ネットワークの設定を変更してもすぐに効果が出ない場合や、「プライベート」に切り替えたのに依然として共有できない場合は、共有に必要な設定がオフになっている可能性があります。次を順番に確認してみてください。
- PCを再起動して、共有機能が使えるか再確認する(反映待ちのケースがあるため)
- 設定 →「ネットワークとインターネット」→「高度な共有設定」で、ネットワーク探索とファイルとプリンターの共有がオンになっているか確認
- 共有したい側のフォルダの「共有」設定(共有ユーザー・アクセス許可)を見直す
- 同じWi-Fiでも「ゲストWi-Fi」や「AP隔離(端末間通信を遮断する機能)」が有効だと、端末同士が見えないことがあります
また、会社などの管理されたネットワークでは、管理者権限が必要なこともあるため、システム管理者に相談してみましょう。
それでもダメなら「Windows側の共有機能」を確認
- 「パスワード保護共有」がオンの場合、相手側でユーザー名/パスワードが必要になります(家庭内で簡単にしたい場合は設定を見直す)
- 「Windows Defender ファイアウォール」で共有がブロックされることがあります(一時的に確認して、必要なら共有関連の許可を見直す)
プライベートネットワークに変更しても安全?
信頼できるネットワーク(自宅・職場など)であれば、プライベートネットワーク設定は基本的に安全です。ただし、次のことに注意しましょう。
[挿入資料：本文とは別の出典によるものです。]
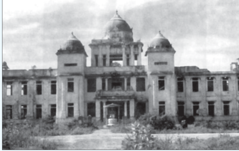
1983, ஜூலையில் ஈழத்தமிழர்களுக்கு எதிராகச் சிங்கள இனவெறியாளர்களால் நடத்தப்பட்ட படுகொலை மற்றும் கலவரத்தின் பொழுது எரிக்கப்பட்ட சிதைக்கப்பட்ட யாழ் நூலகம். (கோப்புப் படம்)

ஒரு அரசியலும், வவுனியாவிற்கு வடக்கிலும் கிழக்கிலும் தமிழர்களிடம் ஓட்டுப் பொறுக்குவதற்காக மட்டுமே தமிழ்த் தேசிய அரசியலும் தேவைப்பட்டன. அதற்கேற்பவே இவ்விரண்டு கட்சிகளும் தமிழீழச் சிக்கலைக் கையாண்டன.
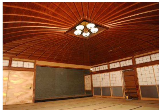
旧料亭花月楼 2階大広間
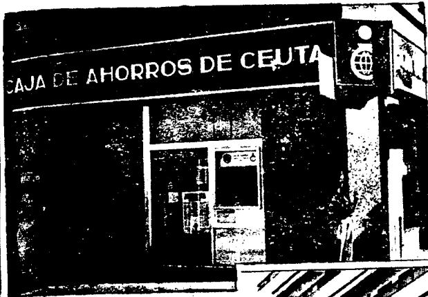
URBANA NUM. UNO Plaza de la Constitucion (CAJERO AUTOMATICO)
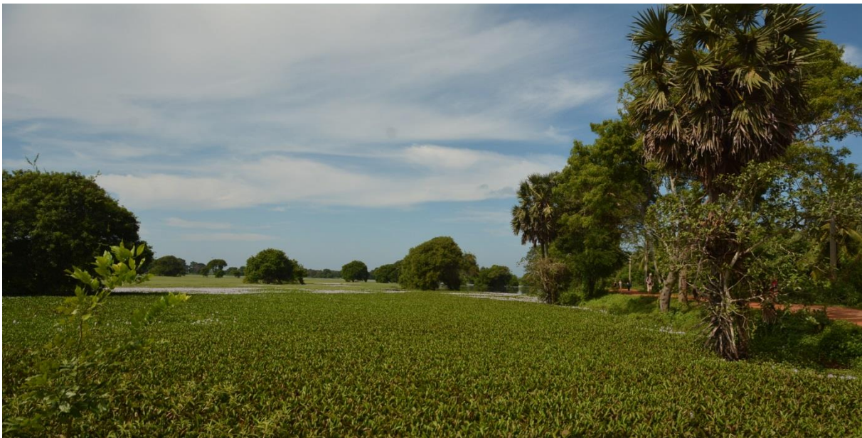
Veel waterlelies in Anawilundawa Ramsar Site, LS

Vervolgens maken we een wandeling door het gebied over de onverharde weg. Wat een schitterend gebied is dit! Links en rechts van de weg liggen grote waterpartijen met bloeiende waterlelies, afgewisseld met fraaie oude bomen. Als we beter zicht krijgen op het water scannen we het meer af en vinden al snel Meerkoet en Dodaars, beide nog niet gezien deze reis. In het water staan oude bomen waarin zich grote broedkolonies bevinden van Asian Openbill, Intermediate Egret en Spot-billed Pelicans. Werkelijk overal waar je kijkt zijn vogels. Het park heeft wel wat weg van Keoladeo NP in Bharatpur, India. Andere soorten die we zien zijn Common Hawk-Cuckoo, Grey-headed Fish-Eagle, veel Lesser Whistling Ducks en enkele Cotton Teals, Indian, Little en Great Cormorants, Brown Shrike, Indian Roller, Loten's Sunbird, Stork-billed Kingfisher en veel Blue-tailed Bee-eaters.
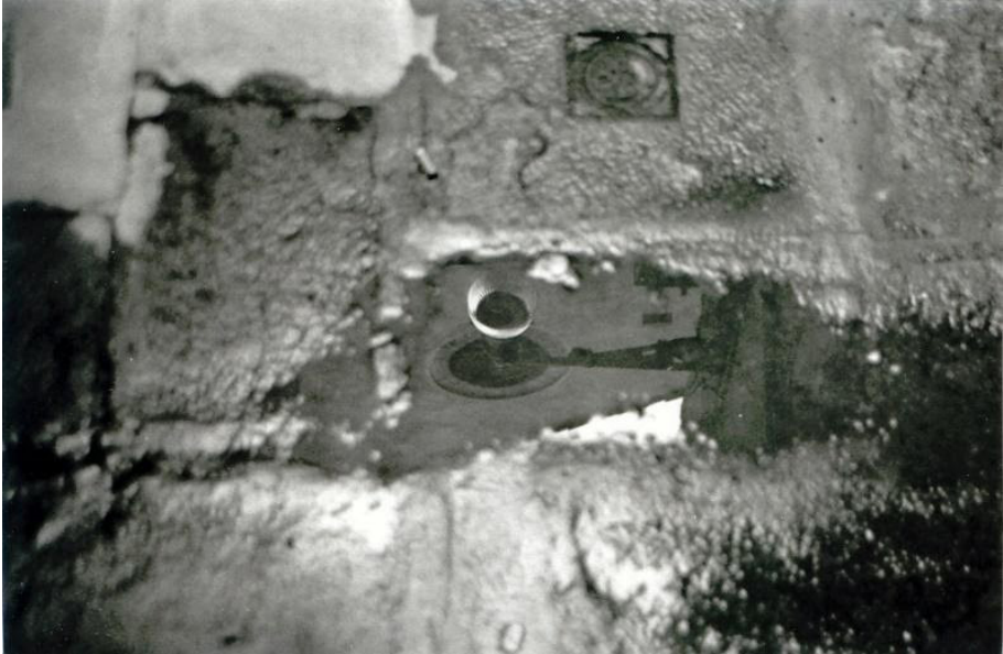
Alejandro H. Mestre Poeta y Escapista da série Reflejos venecianos, 2002 digitalização de foto analógica

- 不審なデバイスと共有しない(見覚えのないPC名が出る場合は要注意)
- 公共Wi-Fiでは絶対に「プライベート」に設定しない
- パスワード保護やファイアウォール設定は有効にしておく
こうしたポイントを押さえておくことで、セキュリティを保ちながら快適なネットワーク環境を整えることができます。特に、自宅内のパソコン同士でのファイル共有やプリンターの利用には「プライベートネットワーク」の設定が不可欠です。必要以上に怖がらず、正しく設定して活用することが、トラブルのないPC環境につながります。
*なお、会社や学校、公共のWi-Fiなど信頼できないネットワークでは、「パブリック(非公開)」のままにしておく方が安全です。自宅や職場の信頼できるネットワークでのみ「プライベート」に変更するようにしましょう。
【補足】パブリックとプライベートの違い
- パブリック(非公開):外部との共有を制限する安全重視の設定(主に公共Wi-Fiや社外で使用)
- プライベート(公開):同じネットワーク内のPC・プリンタと通信・共有できるようにする設定(自宅や職場など)
まとめ
ネットワークが「パブリック(非公開)」になってしまっても慌てず、設定を確認すれば元に戻せます。自宅や信頼できる環境では「プライベートネットワーク」を選ぶのが基本です。共有や印刷ができなくなった時は、まずネットワーク種別をチェックしてみてください。